Dr. Mark E. Chariker, M.D., FACS

Cleft Lip and PalateThis category of deformities involves the upper lip and palate (roof of the mouth). These deformities may involve all or part of the lip and/or palate. The cleft itself results from the failure of all or part of the skin, muscle and bone to develop and fuse properly. The defect may be on one side or both, which classifies the defect as unilateral or bilateral. The defect may be isolated to the lip, palate, or involve both structures. The incidence is about 5,000 cases per year in the United States. The management of this category of congenital deformities requires a team of physicians and therapists to manage all of the associated problems and assist in mainstreaming these children to live a normal childhood. Dr. Chariker is co-director of a local team in Louisville called the Commission for Children With Special Health Care Needs. The commission evaluates and treats children from all around the state of Kentucky. Dr. Chariker's practice sees patients from southern Indiana as well.

Cleft Lip & Palate
Cleft Lip & Palate
Procedure Information


The functional issues with a cleft lip includes problems with feeding, speech, drooling, and oral hygiene. The psychosocial repercussions are enormous, and the result is a child who is a social recluse. Hence, this repair is extremely important for the success of the child. The manifestations of the palate are also devastating. The functional problems associated with a cleft palate include chronic otitis media, feeding difficulties, chronic sinusitis, speech disorders, and halitosis (chronic bad breath). Children who cannot communicate have difficulty in the job force and have difficulty integrating into their world socially.

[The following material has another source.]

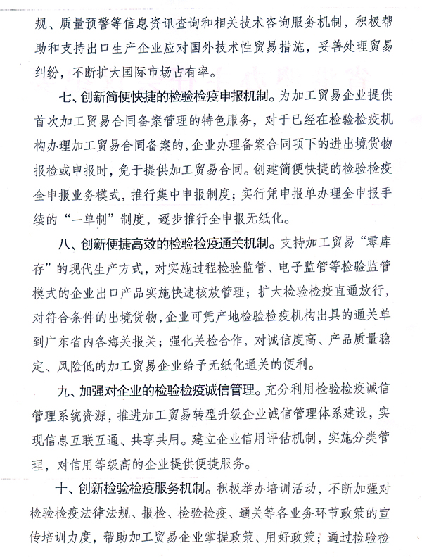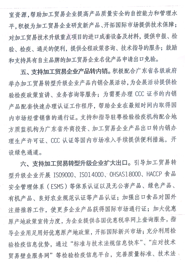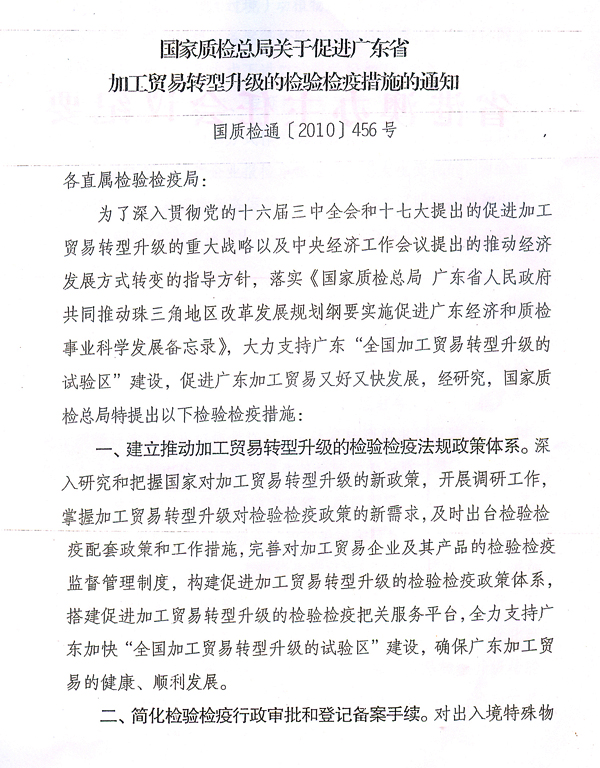 近日,国家质检总局根据广东出入境检验检疫局调研意见,出台了《国家质检总局关于促进广东省加工贸易转型升级的检验检疫措施的通知》(国质检通〔2010〕456号),支持我省建设全国加工贸易转型升级试验区。根据省政府领导意见,现将国质检通〔2010〕456号文转发给你们,请认真组织学习宣传,配合做好相关工作。同时,各地、各部门要借鉴国家质检总局和广东出入境检验检疫局的做法,积极采取有效措施,为加工贸易企业转型升级提供优质、高效的服务。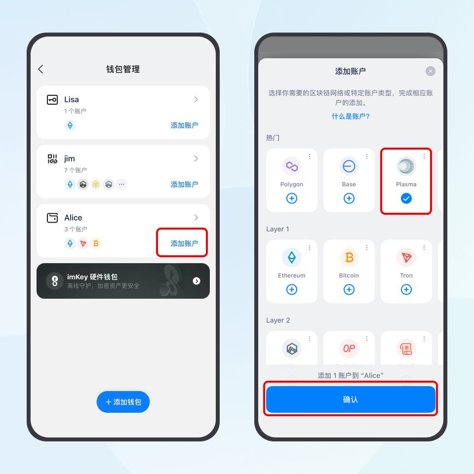 点击「我」-「钱包管理」-「添加账户」,在「热门」栏中勾选 Plasma 网络并确认,返回钱包首页即可进入刚创建好的 Plasma 账户。

The deformity occurs during fetal development at six to seven weeks gestation. An isolated gene deformity has not been identified in the majority of cases except Van der Woude Syndrome. The reasons most commonly attributed to this abnormality are prenatal vitamin deficiency and environmental factors that lead to gene mutations.

Treatment of Cleft Lip

The sequence of repair starts with the lip. This is started at one to three months of age. Repairing the lip muscle initiates the recontouring of the underlying bone, gum, and palate. This first procedure helps align the underlying structures, closes the gaps of the cleft, and sets the stage for the palate repair. This early sequence of repair often avoids the need for preoperative treatment with tape, straps, or orthodontic gum splints.

Treatment of Cleft Palate

The palate not only prevents flow of oral secretions and food into the nose, but also provides a critical portion of the valve structure that controls air flow into the nose. The muscles that provide this function are in the soft palate. If they fail to function properly, the result is too much nasal airflow. This is called hypernasality or velopharyngeal insufficiency (VPI).

The structures required to repair the palate are usually located on the edges of the cleft. The timing of the repair is between six to twelve months of age. If bone is missing in the cleft, it is not replaced except in the gum area. The muscles are reconstructed in the soft palate. If the muscle is underdeveloped, a secondary procedure may be required if the child demonstrates enough hypernasality to distort the speech.